== Records for the task ==
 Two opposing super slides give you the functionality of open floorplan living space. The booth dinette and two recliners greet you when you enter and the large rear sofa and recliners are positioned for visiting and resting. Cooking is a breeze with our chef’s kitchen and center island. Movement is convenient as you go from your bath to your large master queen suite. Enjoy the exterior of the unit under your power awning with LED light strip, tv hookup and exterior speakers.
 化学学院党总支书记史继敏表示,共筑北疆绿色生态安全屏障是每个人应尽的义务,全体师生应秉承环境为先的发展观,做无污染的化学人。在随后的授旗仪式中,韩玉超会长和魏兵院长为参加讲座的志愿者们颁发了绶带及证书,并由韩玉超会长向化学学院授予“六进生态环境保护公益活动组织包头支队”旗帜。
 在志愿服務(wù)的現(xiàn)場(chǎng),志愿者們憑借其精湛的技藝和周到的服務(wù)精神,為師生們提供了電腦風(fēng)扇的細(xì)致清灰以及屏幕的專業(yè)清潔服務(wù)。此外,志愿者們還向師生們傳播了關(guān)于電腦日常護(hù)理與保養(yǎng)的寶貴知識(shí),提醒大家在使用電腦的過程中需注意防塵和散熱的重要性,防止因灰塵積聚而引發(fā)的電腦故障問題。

==

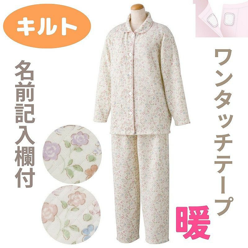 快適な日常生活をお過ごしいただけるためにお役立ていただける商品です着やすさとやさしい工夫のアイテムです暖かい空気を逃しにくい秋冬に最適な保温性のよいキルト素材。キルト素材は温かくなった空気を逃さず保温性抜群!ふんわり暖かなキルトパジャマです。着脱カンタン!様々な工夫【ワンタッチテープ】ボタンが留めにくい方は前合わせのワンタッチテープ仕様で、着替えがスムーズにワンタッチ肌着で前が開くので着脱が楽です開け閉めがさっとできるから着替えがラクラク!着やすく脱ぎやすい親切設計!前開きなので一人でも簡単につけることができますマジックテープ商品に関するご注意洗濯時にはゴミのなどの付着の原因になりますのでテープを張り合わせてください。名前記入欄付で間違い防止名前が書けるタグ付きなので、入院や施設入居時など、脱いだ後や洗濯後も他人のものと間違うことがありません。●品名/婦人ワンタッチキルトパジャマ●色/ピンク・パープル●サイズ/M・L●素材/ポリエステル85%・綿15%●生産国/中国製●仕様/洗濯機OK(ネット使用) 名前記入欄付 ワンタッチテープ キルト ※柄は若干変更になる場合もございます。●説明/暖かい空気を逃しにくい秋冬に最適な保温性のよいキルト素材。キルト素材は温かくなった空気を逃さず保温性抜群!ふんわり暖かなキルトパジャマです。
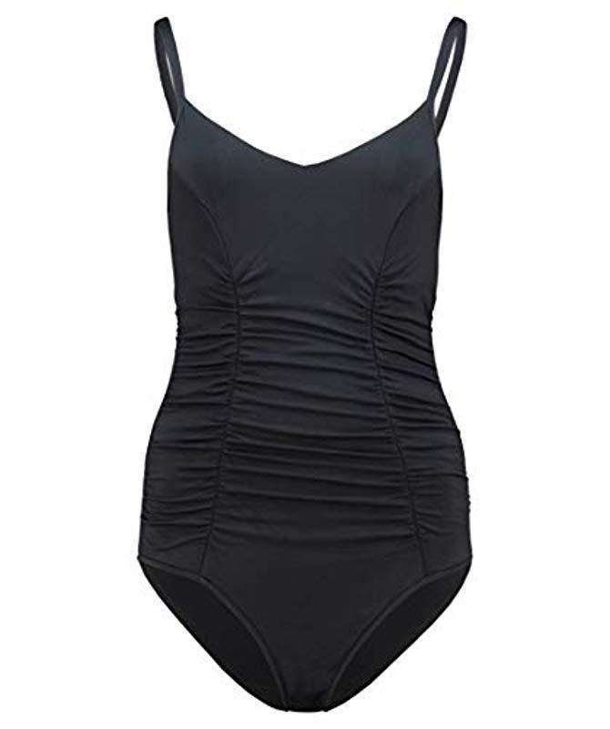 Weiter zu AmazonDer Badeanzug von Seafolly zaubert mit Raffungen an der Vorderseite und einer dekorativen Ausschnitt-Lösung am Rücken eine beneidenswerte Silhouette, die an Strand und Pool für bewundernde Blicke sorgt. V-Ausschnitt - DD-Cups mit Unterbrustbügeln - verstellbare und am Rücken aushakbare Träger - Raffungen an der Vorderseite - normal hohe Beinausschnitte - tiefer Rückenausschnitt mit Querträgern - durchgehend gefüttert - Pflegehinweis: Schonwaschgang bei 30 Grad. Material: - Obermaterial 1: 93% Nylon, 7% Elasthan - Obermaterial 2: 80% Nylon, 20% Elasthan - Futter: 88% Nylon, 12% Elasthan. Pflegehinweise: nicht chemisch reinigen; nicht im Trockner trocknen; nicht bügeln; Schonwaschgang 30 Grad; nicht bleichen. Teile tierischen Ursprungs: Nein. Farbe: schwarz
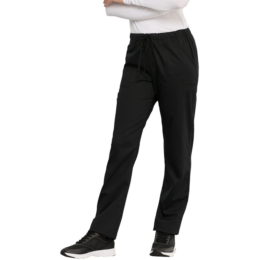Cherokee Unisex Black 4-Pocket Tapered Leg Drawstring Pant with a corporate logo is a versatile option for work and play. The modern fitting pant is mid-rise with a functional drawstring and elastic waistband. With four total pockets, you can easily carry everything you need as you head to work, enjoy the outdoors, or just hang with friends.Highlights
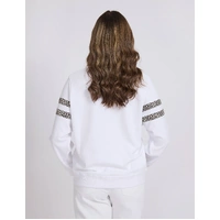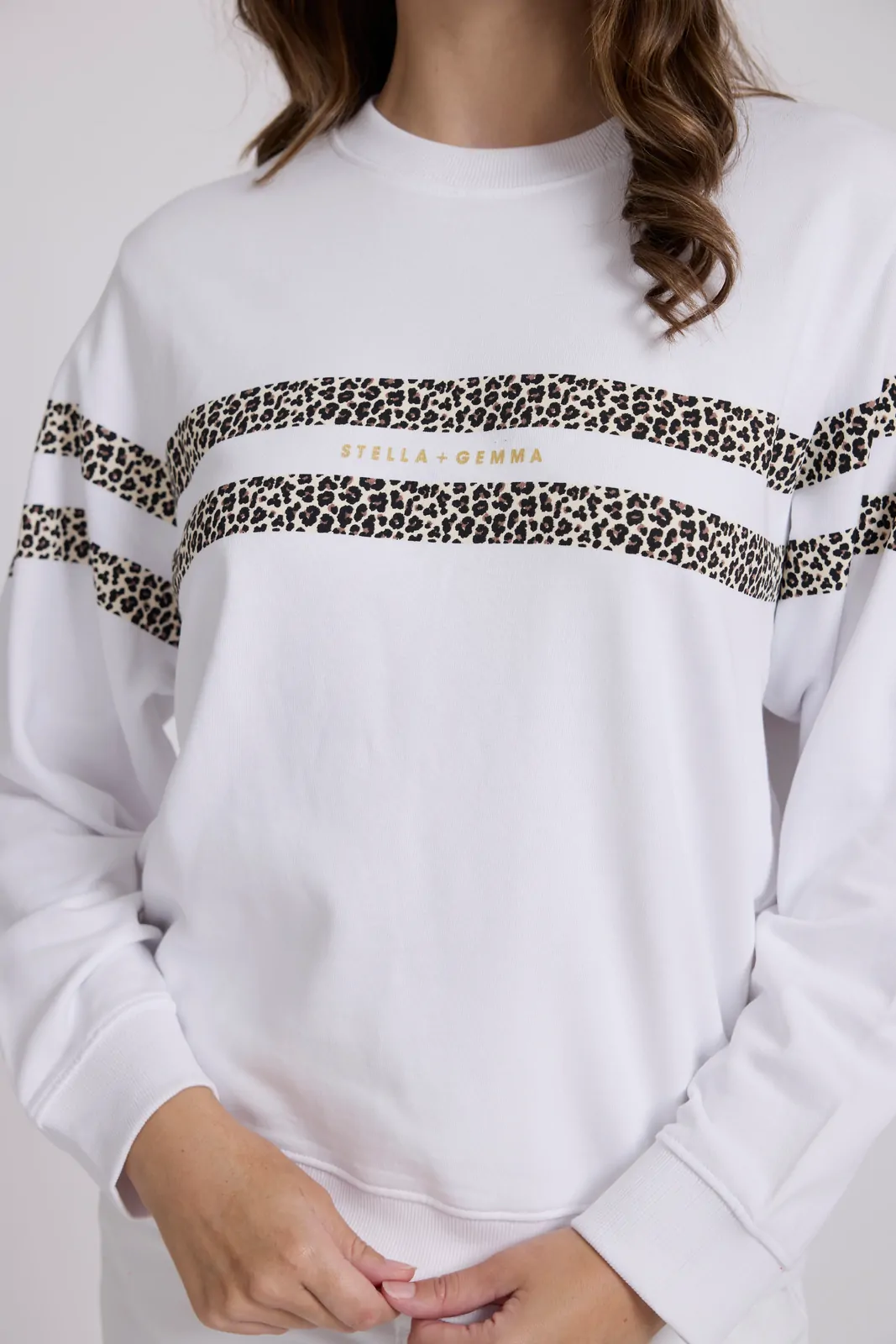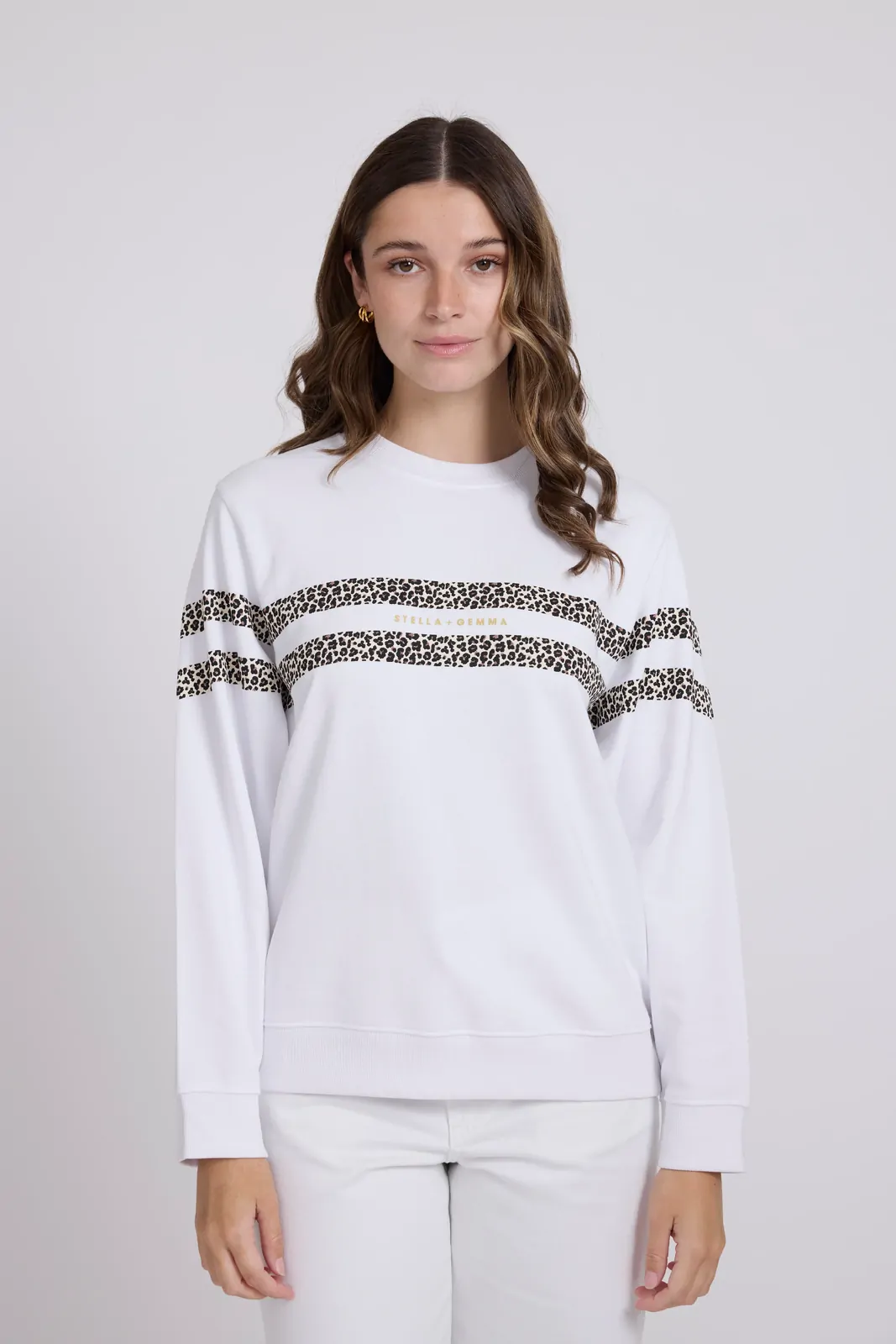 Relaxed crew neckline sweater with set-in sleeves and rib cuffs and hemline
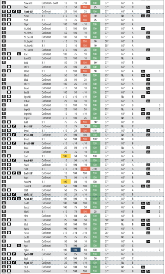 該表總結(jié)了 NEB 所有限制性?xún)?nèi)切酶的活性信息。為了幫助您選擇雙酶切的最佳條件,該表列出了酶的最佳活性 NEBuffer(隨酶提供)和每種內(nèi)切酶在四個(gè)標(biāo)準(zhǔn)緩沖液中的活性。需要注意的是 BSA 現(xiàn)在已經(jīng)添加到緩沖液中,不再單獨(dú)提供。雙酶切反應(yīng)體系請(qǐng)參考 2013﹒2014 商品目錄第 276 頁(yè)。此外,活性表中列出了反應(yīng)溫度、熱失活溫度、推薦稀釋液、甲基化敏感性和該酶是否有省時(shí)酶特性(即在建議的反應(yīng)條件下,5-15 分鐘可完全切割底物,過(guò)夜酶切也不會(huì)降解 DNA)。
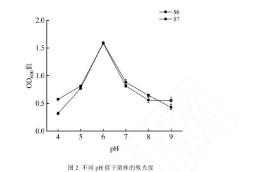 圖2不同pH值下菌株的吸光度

== How to complete this task ==
Send back an exact copy of only the lines from the line with "化学学院党总支书记史继敏表示" up to and including the line with "在志愿服務(wù)的現(xi" in the data above.

== Output of the task ==
 化学学院党总支书记史继敏表示,共筑北疆绿色生态安全屏障是每个人应尽的义务,全体师生应秉承环境为先的发展观,做无污染的化学人。在随后的授旗仪式中,韩玉超会长和魏兵院长为参加讲座的志愿者们颁发了绶带及证书,并由韩玉超会长向化学学院授予“六进生态环境保护公益活动组织包头支队”旗帜。
 在志愿服務(wù)的現(xiàn)場(chǎng),志愿者們憑借其精湛的技藝和周到的服務(wù)精神,為師生們提供了電腦風(fēng)扇的細(xì)致清灰以及屏幕的專業(yè)清潔服務(wù)。此外,志愿者們還向師生們傳播了關(guān)于電腦日常護(hù)理與保養(yǎng)的寶貴知識(shí),提醒大家在使用電腦的過程中需注意防塵和散熱的重要性,防止因灰塵積聚而引發(fā)的電腦故障問題。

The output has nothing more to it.